WHAT TO PRODUCE:
Pictures do not belong in the output. Reproduce exactly the lines from the start of the records through the line with "Experience ultimate relaxation".

------------------------------

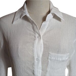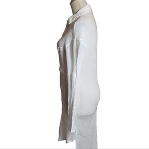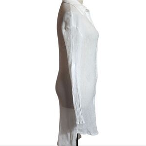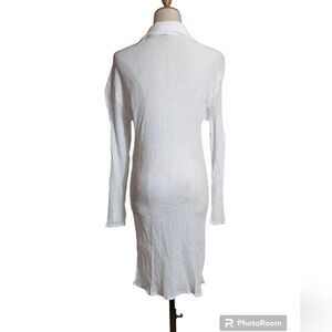 Sheer white dress with stretch. Shorter in front. Great simple beach coverup. Sleeves have roll buttons Good condition. Last pic is style idea with Gigi Hadid
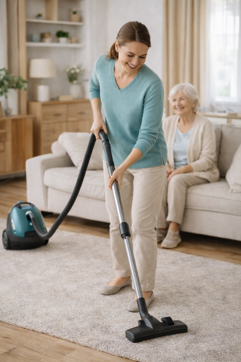 Eine Betreuungskraft lebt im Haushalt und unterstützt bei alltäglichen Aufgaben, der Haushaltsführung sowie der sozialen Begleitung.
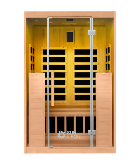 Experience ultimate relaxation with the SUN200™ 2-Person Infrared Sauna from Sun & Soul™. This beautifully crafted sauna features low-EMF carbon heaters for consistent, deep heat, along with durable spruce wood design for warmth and style.
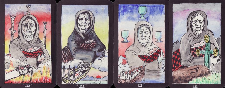 The Minor Arcana. In many decks the Minor arcana fail to engage. Often they are not emblematised or merely repeat the imagery used by Pamela Coleman Smith for the Waite deck. Some artists stride out on their own path and create new individual images for the pip cards, but often these do not cohere or present a unified narrative. Ellaby here creates a coherent set of images through the four suits, which he derives from his deep study of the kabbalah. It is perhaps only when one lays these out in rows that the structure can best be seen. ![]() To Ellaby, the ten pips are associated with the ten sephiroth, from one (Kether) to 10 (Malkuth). He has chosen a motif for each sephirah and then explores these through the four elements or worlds that constitute the suits. These is so much symbolic detail compressed into these images that I cannot analyse them all here, but I will merely take two examples. First let us look at the "Threes". ![]() The third Sephirah is Binah, sometimes seen as 'Understanding'. Binah is thought of as feminine, and here Ellaby uses an image of the wise old woman, the crone. On the lower left the soul is seen being transported and transformed through fire, air water and earth in the four suits.
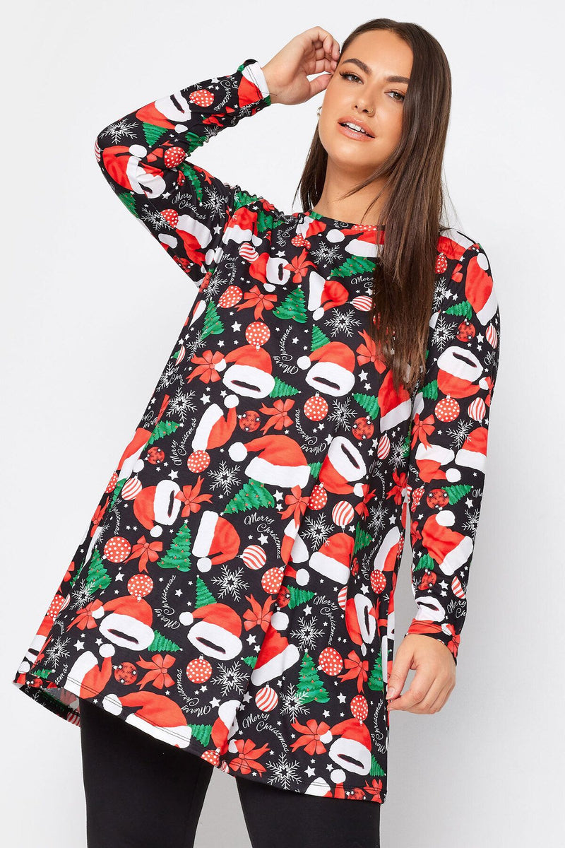 Büyük Beden Yılbaşı Temalı Bisiklet Yaka Uzun Kollu Uzun Kesim Bluz 321243

------------------------------

COMPLETED TASK:
 Sheer white dress with stretch. Shorter in front. Great simple beach coverup. Sleeves have roll buttons Good condition. Last pic is style idea with Gigi Hadid
 Eine Betreuungskraft lebt im Haushalt und unterstützt bei alltäglichen Aufgaben, der Haushaltsführung sowie der sozialen Begleitung.
 Experience ultimate relaxation with the SUN200™ 2-Person Infrared Sauna from Sun & Soul™. This beautifully crafted sauna features low-EMF carbon heaters for consistent, deep heat, along with durable spruce wood design for warmth and style.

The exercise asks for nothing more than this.